From the data that follows, set down exactly the lines from the one with "Łóżeczko z odpiętą" through the one with "Once the request", counting both. Pictures stay out.

#### Supplied records ####

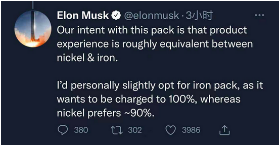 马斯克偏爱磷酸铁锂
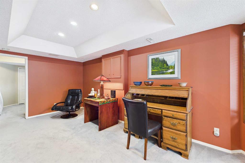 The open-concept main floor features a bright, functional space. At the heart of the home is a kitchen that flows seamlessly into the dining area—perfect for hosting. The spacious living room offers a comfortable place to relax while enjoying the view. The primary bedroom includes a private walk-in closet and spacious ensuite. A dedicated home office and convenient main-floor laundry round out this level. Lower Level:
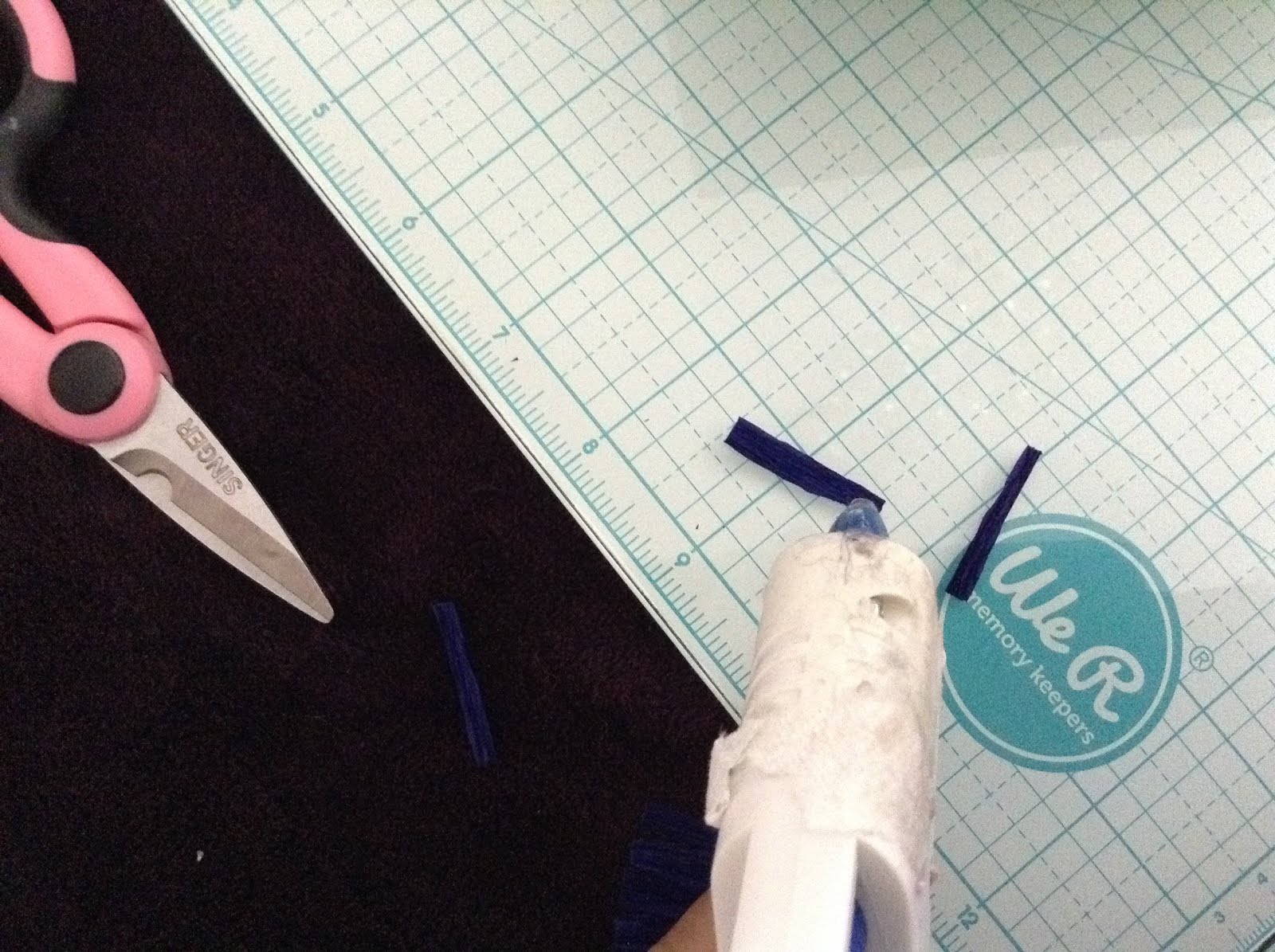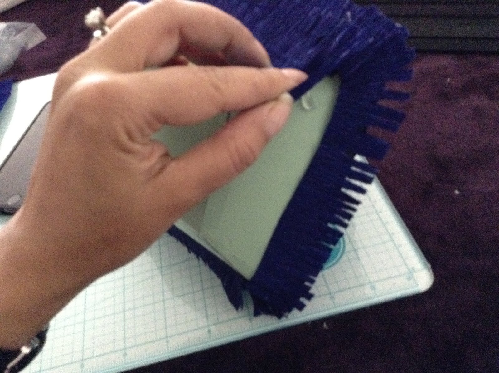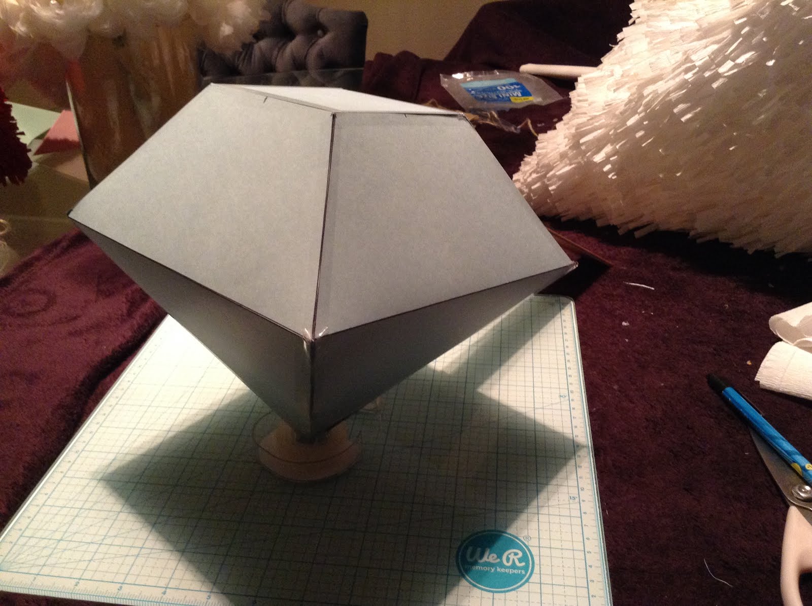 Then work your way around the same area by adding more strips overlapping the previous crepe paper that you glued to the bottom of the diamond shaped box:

####
#### Supplied records ####

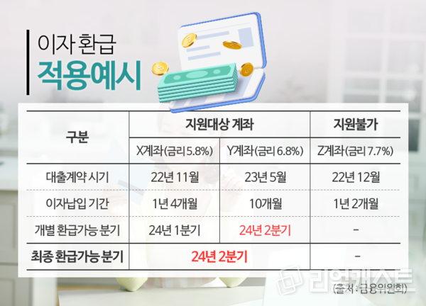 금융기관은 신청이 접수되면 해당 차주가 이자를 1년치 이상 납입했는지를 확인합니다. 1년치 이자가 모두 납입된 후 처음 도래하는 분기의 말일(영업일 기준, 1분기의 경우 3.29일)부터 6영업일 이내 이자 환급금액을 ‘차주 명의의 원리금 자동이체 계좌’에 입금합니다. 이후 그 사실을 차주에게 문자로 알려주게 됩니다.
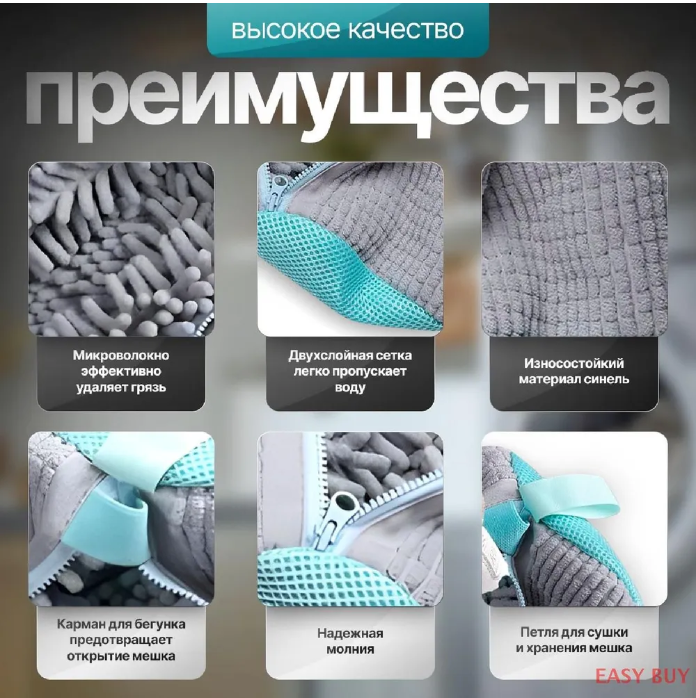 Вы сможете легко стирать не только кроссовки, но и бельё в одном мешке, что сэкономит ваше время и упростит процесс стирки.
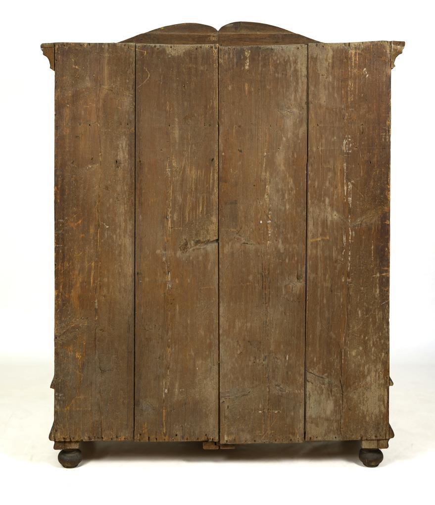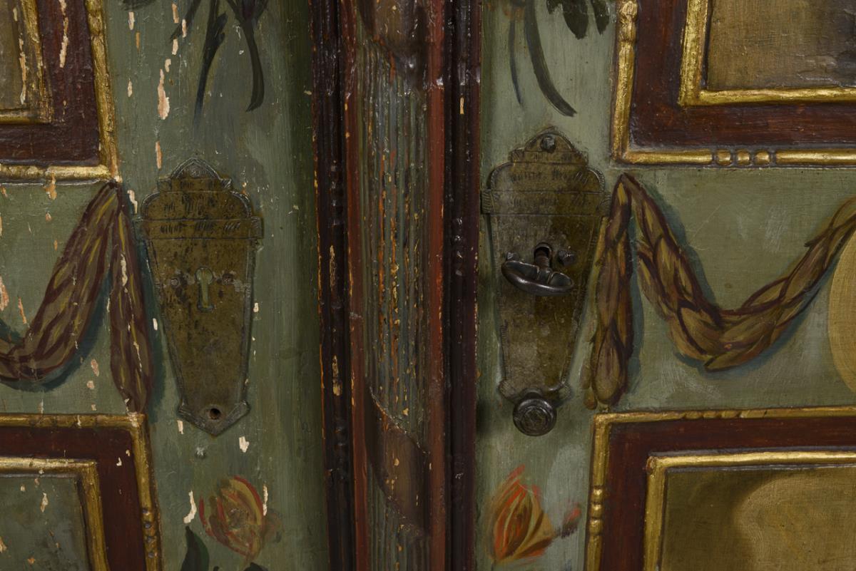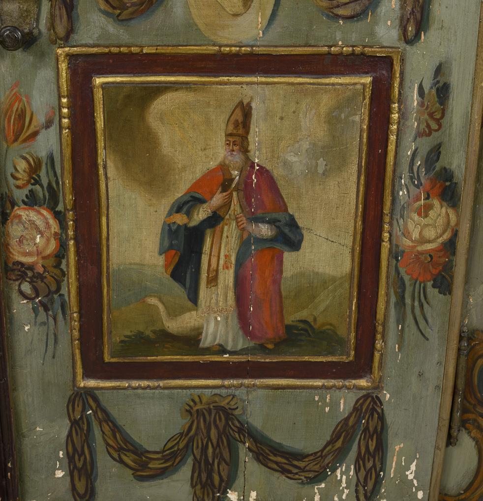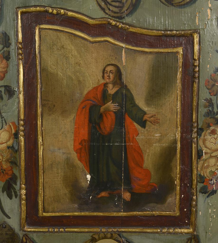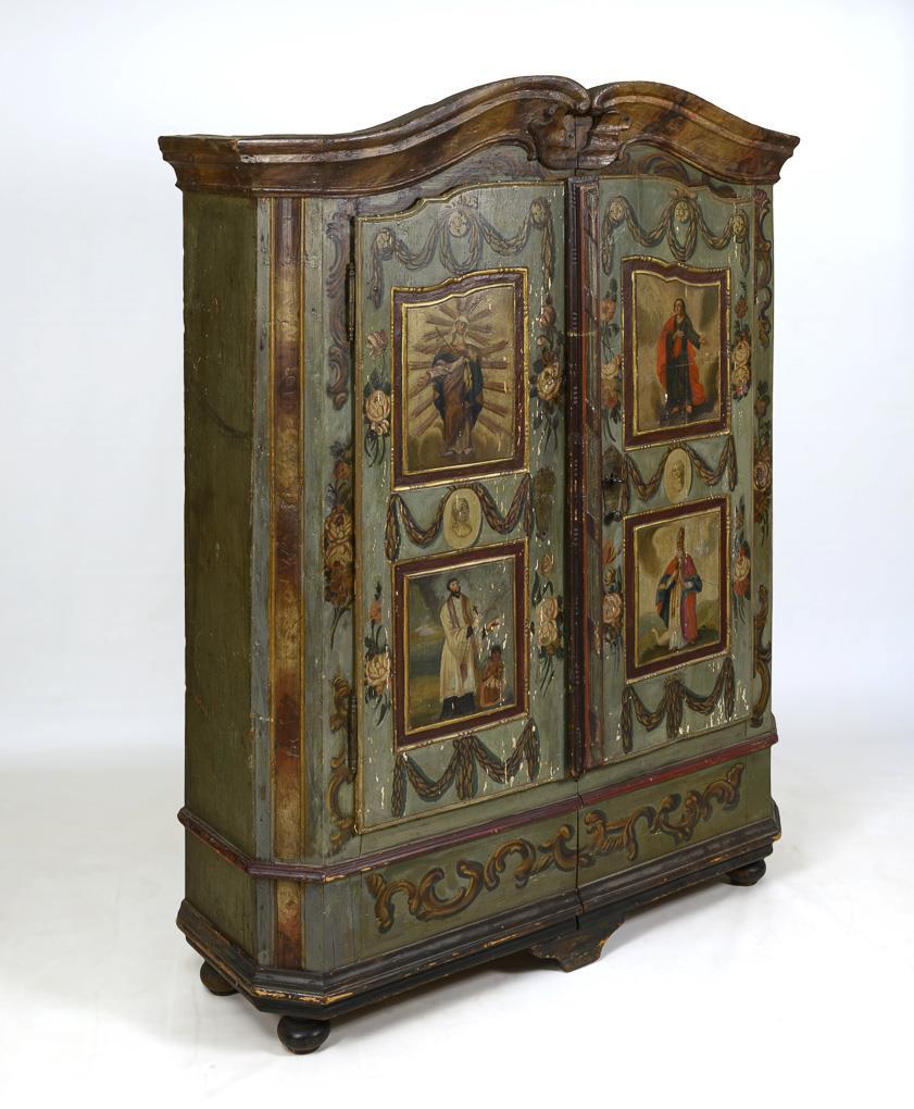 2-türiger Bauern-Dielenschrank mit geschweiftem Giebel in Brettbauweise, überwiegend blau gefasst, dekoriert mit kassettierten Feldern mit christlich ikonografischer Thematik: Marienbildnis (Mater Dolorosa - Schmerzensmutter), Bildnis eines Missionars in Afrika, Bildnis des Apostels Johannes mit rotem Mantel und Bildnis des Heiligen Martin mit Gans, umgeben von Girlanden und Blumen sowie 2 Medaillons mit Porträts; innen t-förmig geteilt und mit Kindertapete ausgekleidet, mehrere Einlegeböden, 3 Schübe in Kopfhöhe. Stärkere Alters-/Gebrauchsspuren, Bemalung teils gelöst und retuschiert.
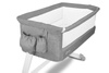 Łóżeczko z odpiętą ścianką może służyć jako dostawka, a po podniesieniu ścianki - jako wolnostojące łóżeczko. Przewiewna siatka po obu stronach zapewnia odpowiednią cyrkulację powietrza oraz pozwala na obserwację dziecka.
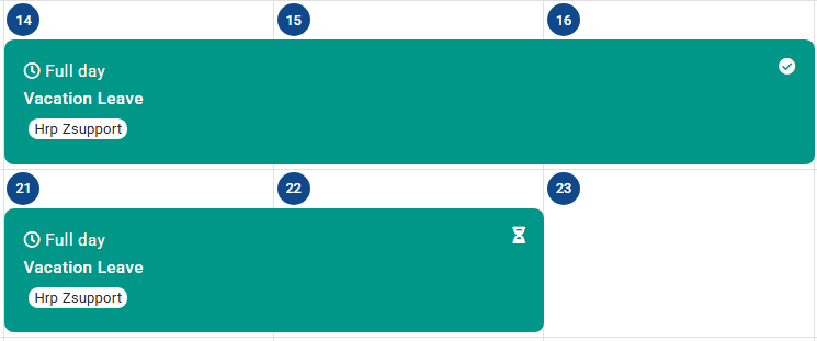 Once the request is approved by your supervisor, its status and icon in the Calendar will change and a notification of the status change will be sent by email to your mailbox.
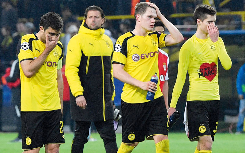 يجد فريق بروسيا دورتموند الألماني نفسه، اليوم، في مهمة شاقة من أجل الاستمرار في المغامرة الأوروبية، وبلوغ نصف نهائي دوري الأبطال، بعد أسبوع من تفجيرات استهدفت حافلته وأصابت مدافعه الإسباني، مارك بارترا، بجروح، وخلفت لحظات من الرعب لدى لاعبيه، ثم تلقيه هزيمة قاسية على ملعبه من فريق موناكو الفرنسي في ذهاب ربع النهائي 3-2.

####

- [Response to this exercise]:
 Łóżeczko z odpiętą ścianką może służyć jako dostawka, a po podniesieniu ścianki - jako wolnostojące łóżeczko. Przewiewna siatka po obu stronach zapewnia odpowiednią cyrkulację powietrza oraz pozwala na obserwację dziecka.
 Once the request is approved by your supervisor, its status and icon in the Calendar will change and a notification of the status change will be sent by email to your mailbox.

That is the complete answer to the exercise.